§ **Raw data**
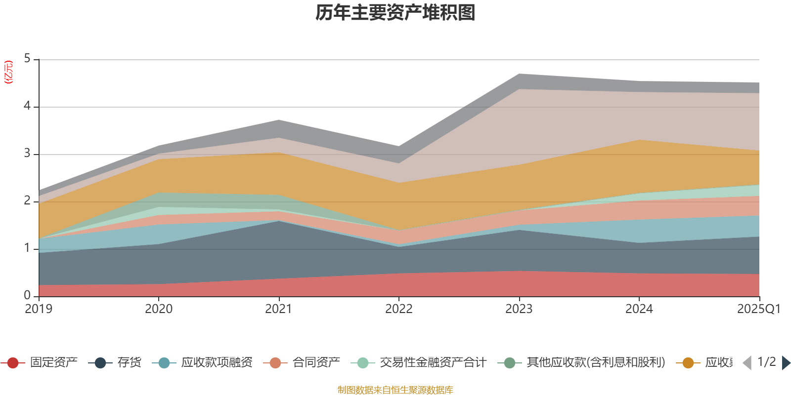 资产重大变化方面,截至2025年一季度末,公司应收票据及应收账款较上年末减少36.36%,占公司总资产比重下降8.87个百分点;货币资金较上年末增加20.29%,占公司总资产比重上升4.68个百分点;存货较上年末增加22.83%,占公司总资产比重上升3.36个百分点;交易性金融资产合计较上年末增加53.33%,占公司总资产比重上升1.8个百分点。
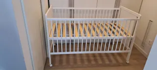 Comprado hace muy poco, tengo factura. Se ha montado pero no se ha usado. Incluye colchón y dos sábanas bajeras. Color: madera natural Material: haya maciza, sin tratar Superficie de reposo: ancho x largo 51 x 89 cm Medidas: 54 x 94 x 96,5 cm (ancho x largo x alto) Peso del producto: 18 kg Ajustable a cualquier altura Período de uso: hasta aprox. los 14 meses
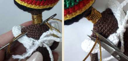 Enrolla el hilo dorado varias veces alrededor del cuello
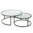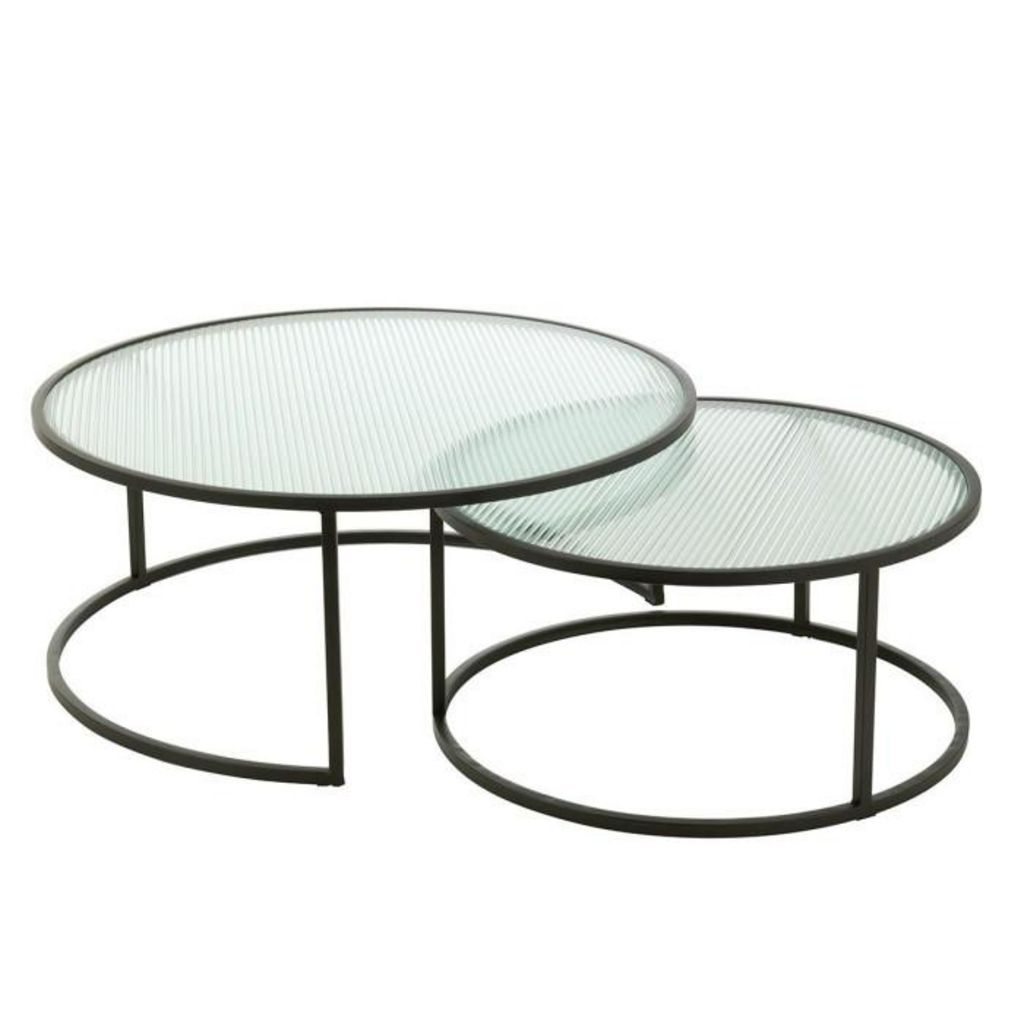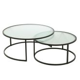 Informations Techniques : Dimensions : Taille 1 : D. 70 x H. 34 cm Taille 2 : D. 89 x H. 38 cm Matières : Verre & Métal Spécificités : Pratique & Tendance Lot de 2 Tables Basses Forme Ronde Capacité Portante : 15 kg Poids : 9,35 kg Couleur : Noir & Transparent

§ **Activity**
With pictures excluded, copy exactly the lines from the line containing "Enrolla el hilo" through the last line of the listing above, both ends included.

§ **Result for this task**
 Enrolla el hilo dorado varias veces alrededor del cuello
 Informations Techniques : Dimensions : Taille 1 : D. 70 x H. 34 cm Taille 2 : D. 89 x H. 38 cm Matières : Verre & Métal Spécificités : Pratique & Tendance Lot de 2 Tables Basses Forme Ronde Capacité Portante : 15 kg Poids : 9,35 kg Couleur : Noir & Transparent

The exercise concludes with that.